Work request → Every line below from the one containing "Radical Islam. Reptilians." through the one containing "Philips Sonicare ExpertClean" is to be printed exactly, with the pictures omitted.

Input data →
+++

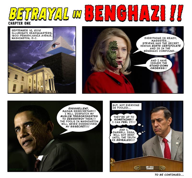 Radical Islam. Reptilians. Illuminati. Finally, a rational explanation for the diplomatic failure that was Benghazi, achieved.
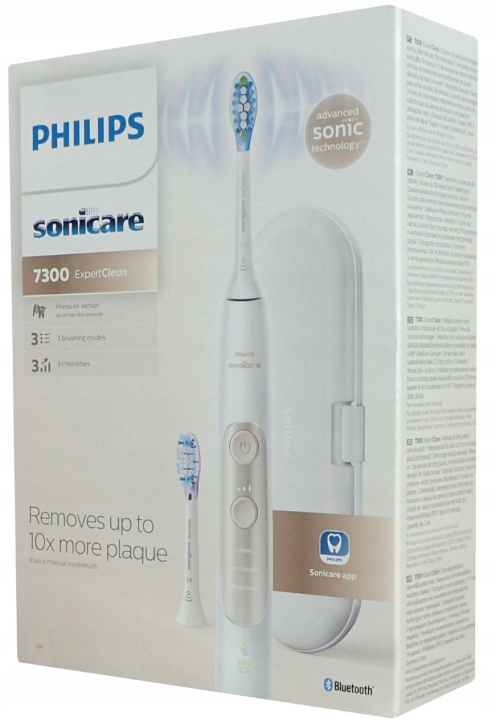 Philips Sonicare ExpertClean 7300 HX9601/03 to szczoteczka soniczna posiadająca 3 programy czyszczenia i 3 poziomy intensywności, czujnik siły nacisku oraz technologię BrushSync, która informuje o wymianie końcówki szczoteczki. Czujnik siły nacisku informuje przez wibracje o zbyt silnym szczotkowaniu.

+++

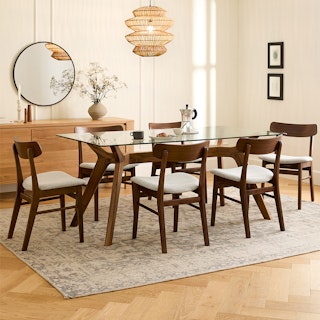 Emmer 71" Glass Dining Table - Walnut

+++

Response to the task →
 Radical Islam. Reptilians. Illuminati. Finally, a rational explanation for the diplomatic failure that was Benghazi, achieved.
 Philips Sonicare ExpertClean 7300 HX9601/03 to szczoteczka soniczna posiadająca 3 programy czyszczenia i 3 poziomy intensywności, czujnik siły nacisku oraz technologię BrushSync, która informuje o wymianie końcówki szczoteczki. Czujnik siły nacisku informuje przez wibracje o zbyt silnym szczotkowaniu.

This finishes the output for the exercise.